### [TASK TO CARRY OUT]
Images excepted, the data below must be repeated exactly.

### [RECORDED DATA]
● ● ● ●
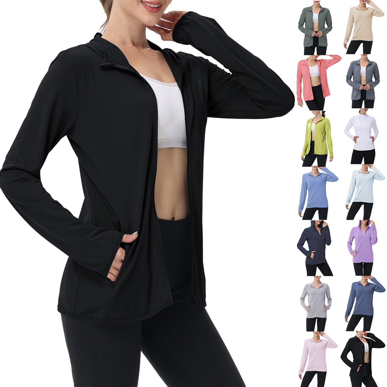 Ahabrexf Sun Protection Jacket for Women Long Sleeve Solid Color ...
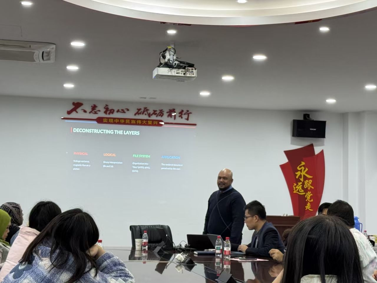 首先,《The Digital Artefact: Theory, Techniques, and the Philosophy of Electronic Evidence》报告在浙江传媒学院钱塘校区创新楼336开讲。马来亚大学计算机科学与信息技术学院教授Dr. Akmaldin Mohd Sry Abdul Wahab从像素解析、声波分析等维度,揭示数字媒体取证的技术逻辑,演示如何通过设备与软件“隐形数字足迹”区分信息真伪,为在场师生清晰呈现了数字取证的学术深度与实战价值。
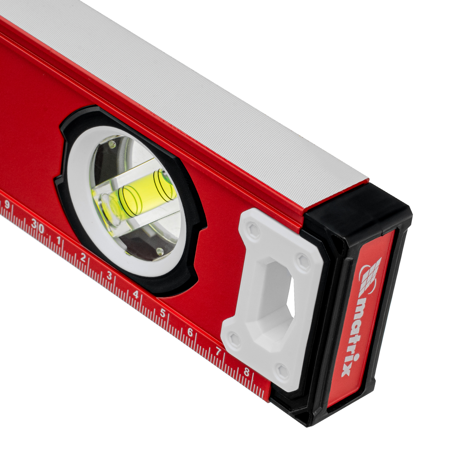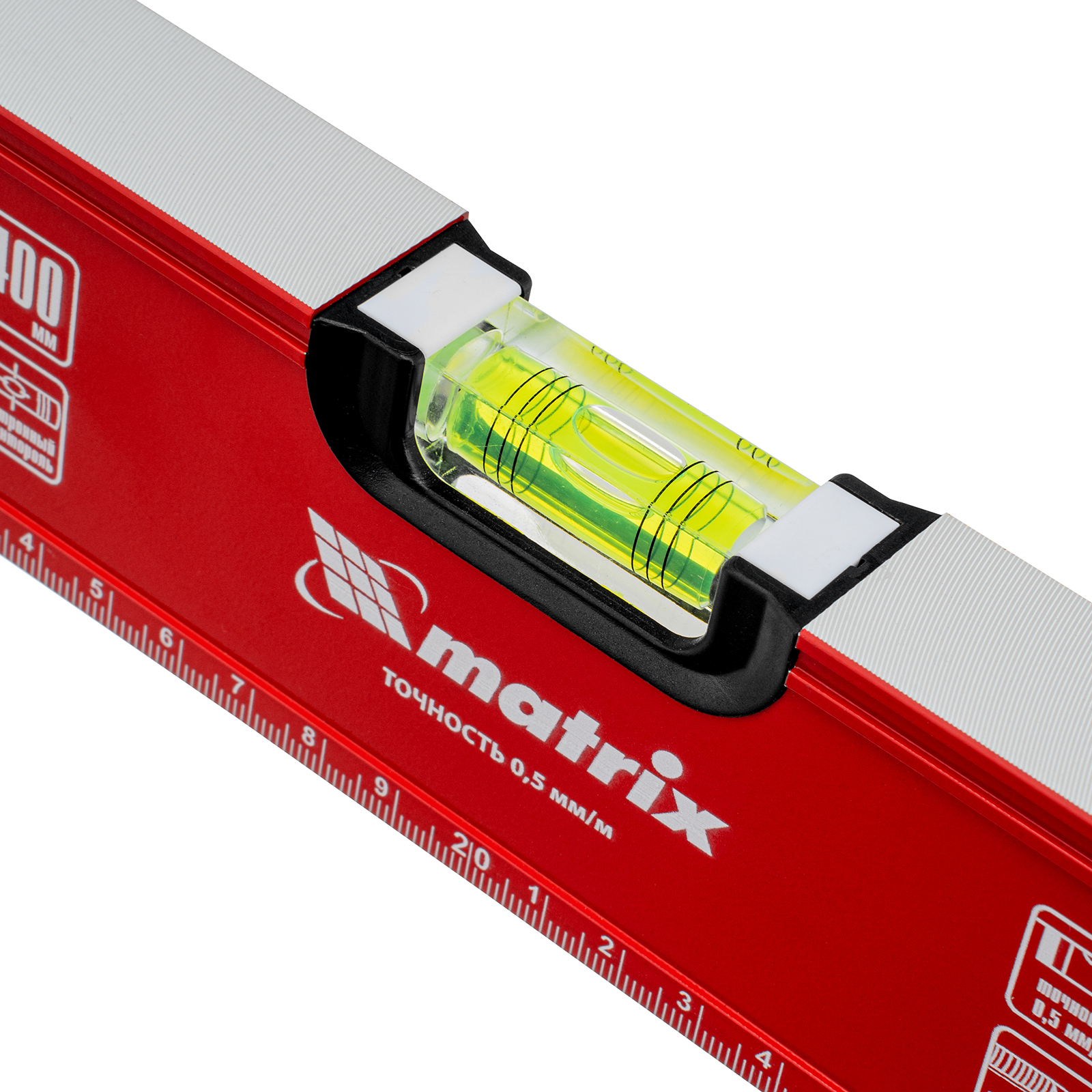 Уровень алюминиевый фрезерованный Matrix 34200 длиной 400 мм, с 3 глазками, предназначен для определения отклонений от горизонтальной и вертикальной поверхностей и угла 45°. Обеспечивает высокую точность полученных результатов, пригодится для выполнения строительных и отделочных работ.
● ● ● ●
### [WRITTEN RESPONSE]
 Ahabrexf Sun Protection Jacket for Women Long Sleeve Solid Color ...
 首先,《The Digital Artefact: Theory, Techniques, and the Philosophy of Electronic Evidence》报告在浙江传媒学院钱塘校区创新楼336开讲。马来亚大学计算机科学与信息技术学院教授Dr. Akmaldin Mohd Sry Abdul Wahab从像素解析、声波分析等维度,揭示数字媒体取证的技术逻辑,演示如何通过设备与软件“隐形数字足迹”区分信息真伪,为在场师生清晰呈现了数字取证的学术深度与实战价值。
 Уровень алюминиевый фрезерованный Matrix 34200 длиной 400 мм, с 3 глазками, предназначен для определения отклонений от горизонтальной и вертикальной поверхностей и угла 45°. Обеспечивает высокую точность полученных результатов, пригодится для выполнения строительных и отделочных работ.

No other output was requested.